Layer1 Technologies, a Peter Thiel-backed bitcoin mining startup, has started its mining operations, after announcing the move in October last year, at its mining facility in West Texas with aims to lower China’s dominance in Bitcoin mining industry.
The company announced the commence of the mining in a press release published on Wednesday, February 19. According to the press release, the company has brought online multiple 2.5 megawatt (MW) container and deploys the liquid cooling technology to combat high temperatures in the area.
Layer1 Technologies did not reveal the exact mining capacity of its facility but shows plans to upgrade to 100 megawatts in the coming months and exceed 2% of the total Bitcoin hashrate, with a roadmap to reach 30% by the end of 2021.
According to the company, it is on track to “deliver on its mission to pioneer Bitcoin mining’s use of renewable energy and be the first to enhance Bitcoin’s decentralization.”
The company has developed its own ASICs chips and liquid cooling technology and also running its own electricity substations in Texas. Alexander Liegl, co-founder and CEO of Layer1 Technologies, commented:
“We are already delivering on our vision of making Layer1 the world leader in vertically integrated, sustainable Bitcoin mining. Our factory in West Texas is a game changer in Bitcoin mining. The facility uses custom ASIC chips and patent-pending liquid cooling technology, that enables us to unlock warmer climates – where others cannot – and benefit from the world’s largest supply of low-cost, sustainable local energy.”
The company further said that it geared to lower the China’s dominance in Bitcoin mining industry where 60% or more of Bitcoin mining operations are located. Whereas, US contributes to only 5% of hashrate and almost no mining hardware.

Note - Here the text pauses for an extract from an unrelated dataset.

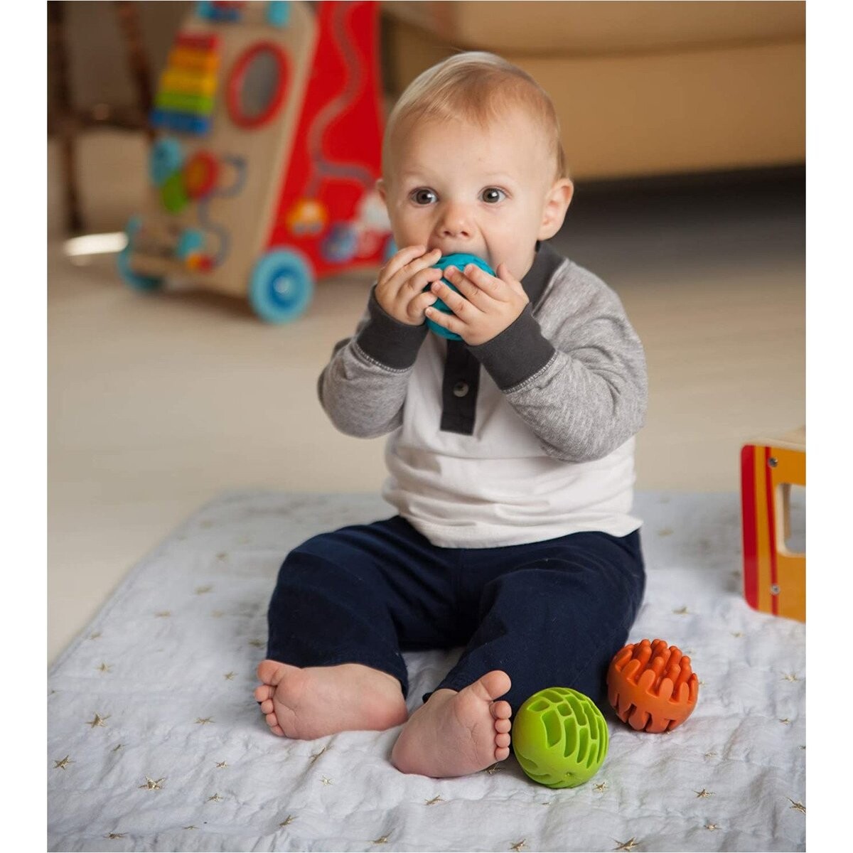 Каждый раз переместите мяч, малыш услышит нежный звоночек.

The CEO of the company added:
“We have a long-term vision for Bitcoin mining, building a multi-generational business that is already profitable in the short-run and growth-focused in the long-run to be the biggest player in the space. From hardware to energy, we’ve redesigned Bitcoin mining from first principles to control every profit and cost lever across our technology stack. Far too many mining operations still work from a playbook stuck in 2017; the halving will be a death knell for many of them.”
Chinese miners have the benefit of low electricity costs, and mining is more profitable for them. Some of them even install their hardware in other countries with cheap electricity like Iran.
Lots of criticism has raised about bitcoin because of China’s dominance in the mining industry
Larye1 Technologies, originally based in San Francisco, raised $50 million from PayPal co-founder Peter Thiel, Shasta Ventures, and other cryptocurrency industry leaders to bring wind-powered Bitcoin mining rigs in the US. The company has overall raised $200 million.